It was an interesting time and it was the best way to learn the seller-financed note business. I did that for many years. One of the things that they didn’t allow you to do was buy notes for yourself. That was understandable because they didn’t want you to take a deal from them. I was intricately involved in a lot of deals. They didn’t want you to have a conflict of interest. I would buy and sell real estate and I did buy and sell some real estate with owner financing as well. I did some rehabbing. In my mind, the best place to be was buying and selling the real estate notes themselves, the paper, the security, collecting those mailbox payments as we call them.
After years of working with them, I went out on my own and that was in 1997. I started in Diversified Investment Services and bought and sold notes for myself. That was a wonderful experience because I was working for myself and it had ups and downs and good and bad. Investing your own money versus a big company, corporations are different. We can’t afford to lose as much. I had to learn and tweak and I didn’t have the same marketing budget as they did. Over the years, I’ve done that. Fast forward to 2016, when I’m getting close to twenty years on my own and then ten years doing it for somebody else. I love the seller-financed note business. It’s been good to me and that’s my history.
I started to chuckle a little bit when you said that it was a whole different game when you invest in your money. You’re going to give away the 21 tips for investing in real estate notes. If you go to 1000Houses.com/notes, you’ll have a chance to get the 21 tips for investing in real estate notes. I don’t know if we have time to go through the whole 21 lists here but I would like to find out the top five best ways to invest in notes or find notes. Can you give us your top five, Tracy?
I know that you love owner finance notes too. One of the methods is to create your own. You talk a lot about that and that’s your specialty. I take a little bit of a different approach and I go after notes that already exist. I’m not having to find the properties, buy them, resell them, and create a note. I go for notes that somebody has already done all the hard work.
I agree with you. It’s the shortcut to what I do. I’ve had people ask me, “Mitch, isn’t it easier to buy notes that other people have created?” I said, “In a perfect world if you can find enough of them, it certainly would shortcut things.” I don’t know how I got into my niche or why but I feel like I’m more in control of my inventory. I feel like I can write my paper the way that I want my paper to read with what I need.
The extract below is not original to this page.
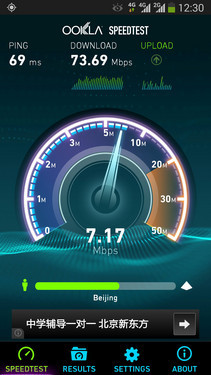 不过就4G的体验来说,网络浏览速度有了质的飞跃,当然了这是相对于中国移动之前的3G网络而言。我们用测速软件进行测试,在信号稳定的情况下4G网络的下行速度最高达到了73.69Mbps,而上行速度最高则是8.52Mbps,当然这还并不是4G网络的峰值。

Your strategy is great too. You have more profit in yours. If we were going to sit here and discuss pros and cons, you get to build in more profit in yours. There are advantages to doing what you do. A lot of us in the note business do a combination of both. I am not knocking it. I’m poking fun at myself a little bit.
On this show, the strategy that I have the most affection for is buying with other people’s money, go out and owner finance it, and get a down payment and collect payments for a long time. That’s my favorite strategy. That doesn’t mean it’s the strategy for everybody on the planet and that’s why I like to have people like you, Tracy, who’ll come on and show us a different angle. This is a perfect angle because buying notes and selling notes is not that much different than the owner finance strategies that I use when I’m building the note from the ground up. What I want my audience to get out of this is their path to financial freedom, whatever turns them on, and what they want to do. We’re interested to know your five ways because maybe the way you do it appeals to someone else when my way doesn’t. Tell us more about how you’ve been successful in buying and selling notes.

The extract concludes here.